Schliesslich sieht man auch, wie heute das Proletariat weltweit bei der Stange gehalten wird: Von „panem et circenses“, mit denen die alten Römer ihre Besitzlosen zum Mitmachen brachten, ist nur letzteres übriggeblieben. Das moderne Proletariat ist bescheidener als seine antiken Namensgeber.

Bei der Geldwäsche und den illegalen Geschäften, für die sie nötig ist, muss man nicht immer an das Schlimmste denken, also an den im Zusammenhang mit postsozialistischen Staaten immer wieder beschworenen Menschen-​, Waffen-​ oder Drogenhandel. Nein, auch Produzenten von ganz biederen Gebrauchsgegenständen, wie Schuhen oder Autoreifen, oder womöglich Lebensmitteln haben oft die grössten Absatzschwierigkeiten, wegen mangelnder Zahlungsfähigkeit des p.t. Zielpublikums.
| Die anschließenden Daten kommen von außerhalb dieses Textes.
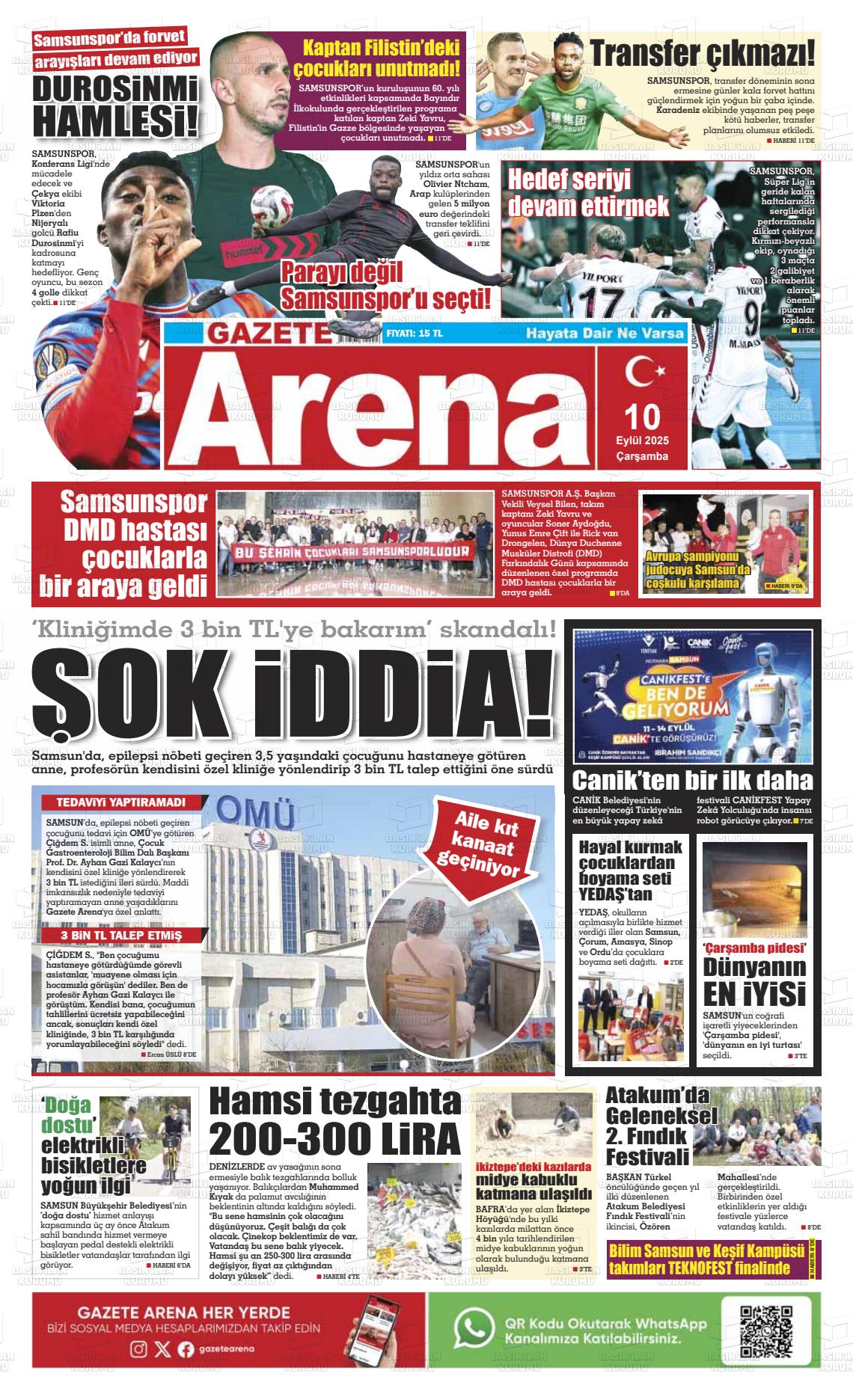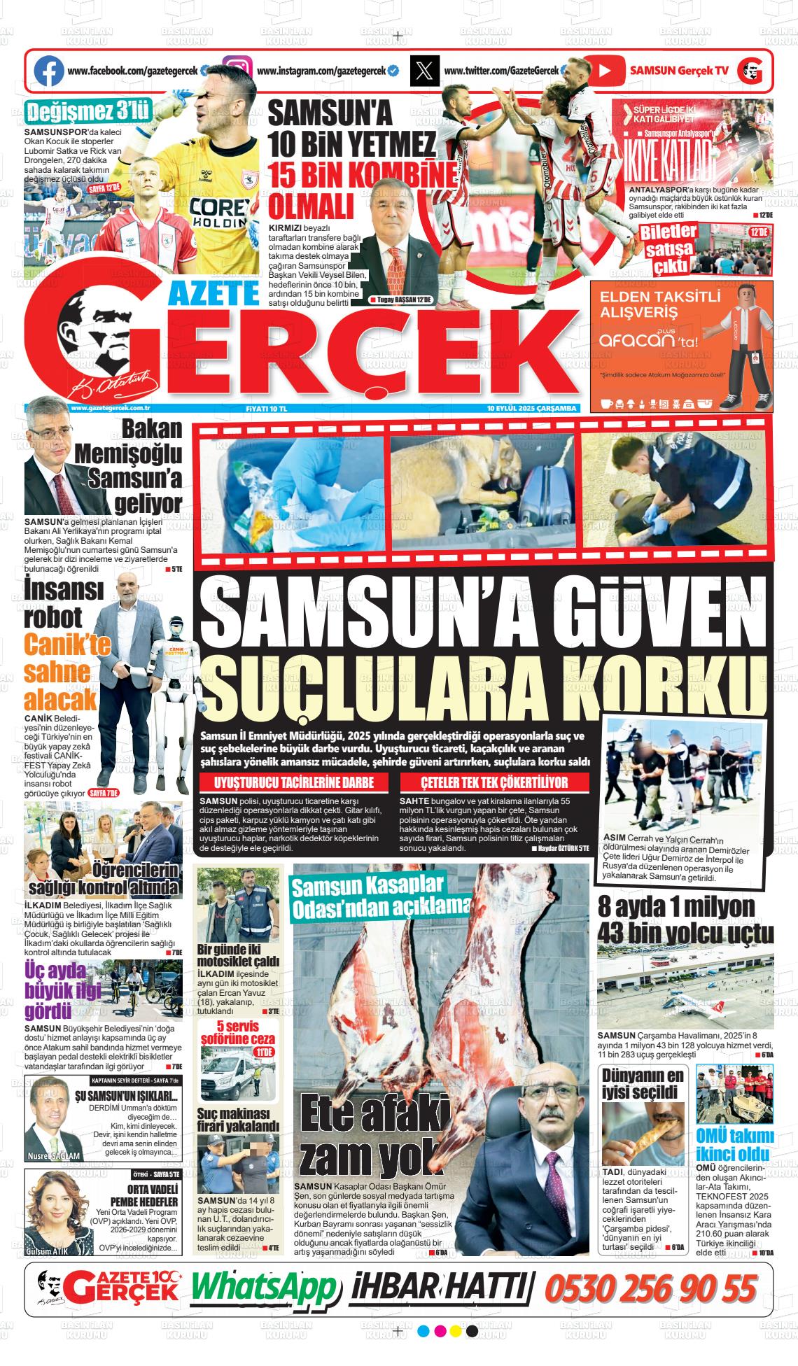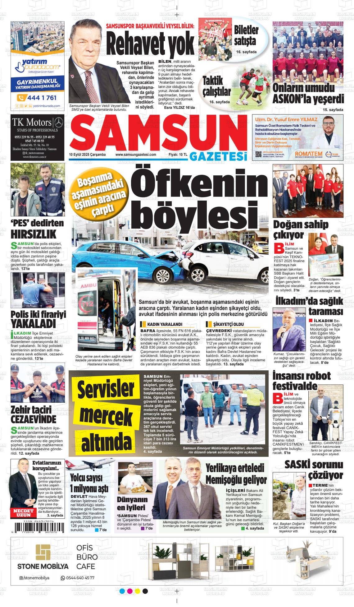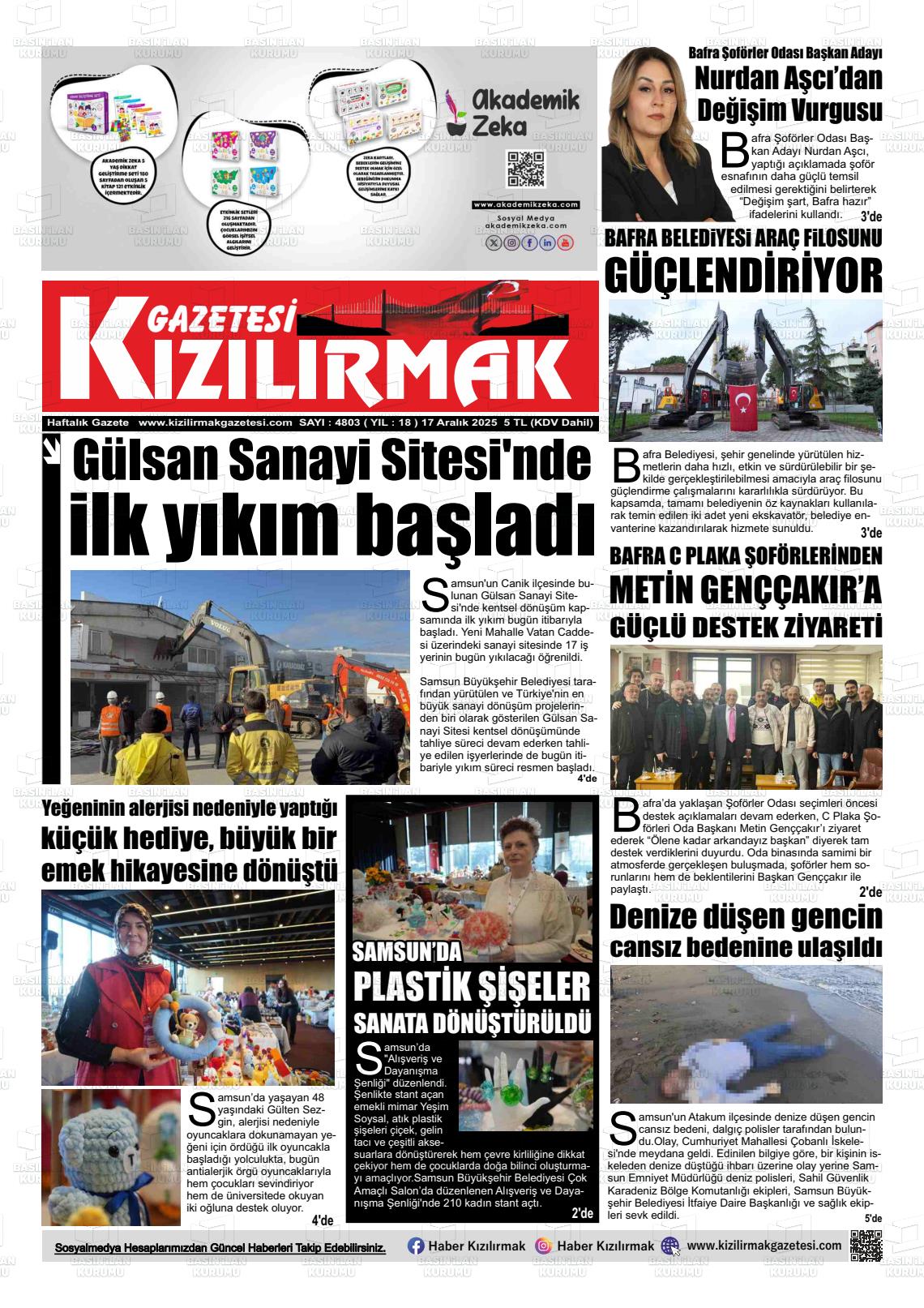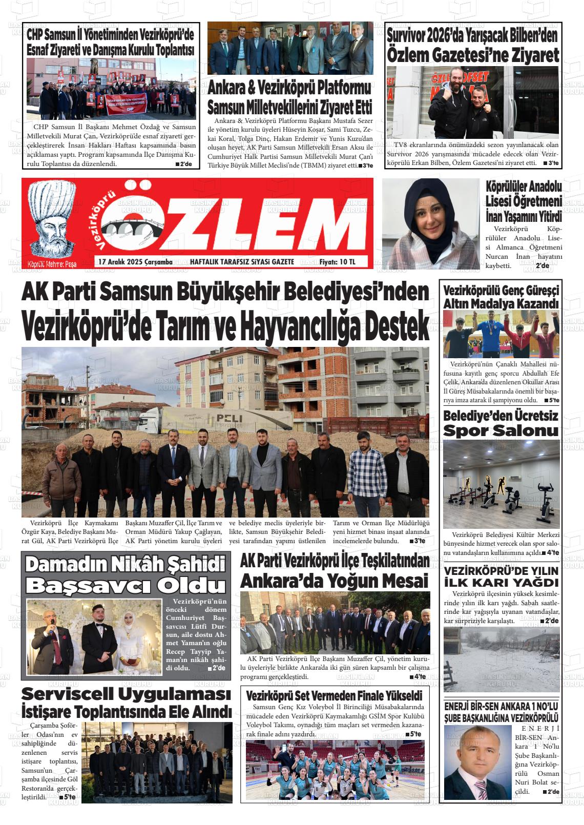 Samsun Yerel Gazeteleri 17 Aralık 2025, Çarşamba Günü Manşeti
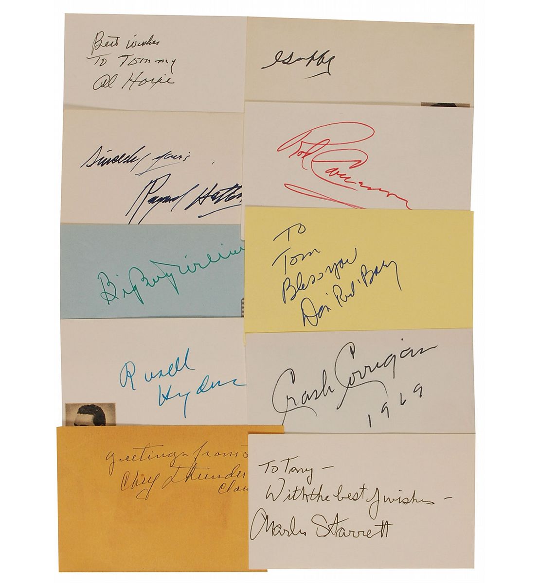 Ten ink and felt tip signatures of western stars on individual slips and cards. Signers are: Guinn ‘Big Boy’ Williams, Charles Starrett (ins), Chief Thundercloud, Ray ‘Crash’ Corrigan, Donald ‘Red’ Barry (ins), Gabby Hayes, Russell Hayden, Raymond Hatton, and Al Hoxie (ins). In overall fine condition.

Ein Unternehmer in der Ukraine hat Unkosten, die z.B. ein österreichischer nicht kennt, und steht wegen seiner Staatszugehörigkeit immer schon mit einem Fuss im Kriminal.

Die oben erwähnten menschenfreundlichen Institutionen wie IWF usw. wollen zwar unbedingt, dass in der Ukraine Marktwirtschaft herrscht und ja nichts produziert wird, wo nicht am Ende Geschäft und Gewinn dabei herausschauen. Gleichzeitig werden aber viele Türen verschlossen, die dazu beitragen könnten, dass das Unternehmertum in der Ukraine vorankommt: Gerade diejenigen Staaten, die über „richtiges“, also Weltgeld verfügen, auf deren Märkte also jeder Unternehmer drängt, schützen ihren Markt und ihre Produktion durch Zölle und Quotenregelungen und verweisen die neuen Kapitalisten auf ihren inneren Markt und auf die genauso schwachbrüstigen Märkte ihrer ehemaligen Bruderländer.

Will also so jemand wie Achmetov irgendeines seiner Produkte in die EU verscheppern, so muss er zu Methoden greifen, für die das altertümliche Wort Schmuggel mit all seiner Romantik schon etwas überholt wirkt. Da müssen Ursprungszertifikate gefälscht, Partnerstaaten – meist auf dem Balkan – eingeschaltet werden, dann muss man noch irgendwo Zöllner bestechen – jede Menge Unkosten also, die aber nicht in der Bilanz aufscheinen dürfen, und nicht zum Abschreiben von der Steuer taugen. Und ist die Ware dann irgendwo „drüben“ glücklich an den Mann gebracht – wie weiter? Diesen Gewinn kann man ja auch wieder nicht durch die Bücher gehen lassen, und will ihn ja auch gar nicht versteuern. Die exportierte Ware muss aber doch irgendwo deklariert werden … Also muss man wieder was fälschen, usw. Und da ist so ein Fussballklub der ideale Filter, durch den alle Tätigkeiten, die den Blick der Behörden scheuen müssen, durchgedrückt werden können.

Der Sieg Janukovitschs über Timoschenko wird von westlichen Medien aus politischen Gründen als problematisch besprochen – zuviel Nähe zu Moskau, „unserer“ Einfluss ist gefährdet, usw. Das sind aber innerimperialistische Konkurrenzgedanken. Ökonomische Bedenken, wie es sie noch in den 90-er Jahren gab, ob die Enttäuschung über die Auswirkungen der Marktwirtschaft womöglich jemanden Falschen an die Macht bringen würde und ein Liebäugeln mit „sozialistischen“ Experimenten als Folge zeitigen können, sind heute längst vom Tisch. Dafür sorgen politische Paten wie Achmetov. Sie garantieren, dass in der Ukraine weiterhin alle Prinzipien des Kapitalismus in Kraft sind, auch wenn die Erfolge in der nationalen Bilanz eher spärlich ausfallen.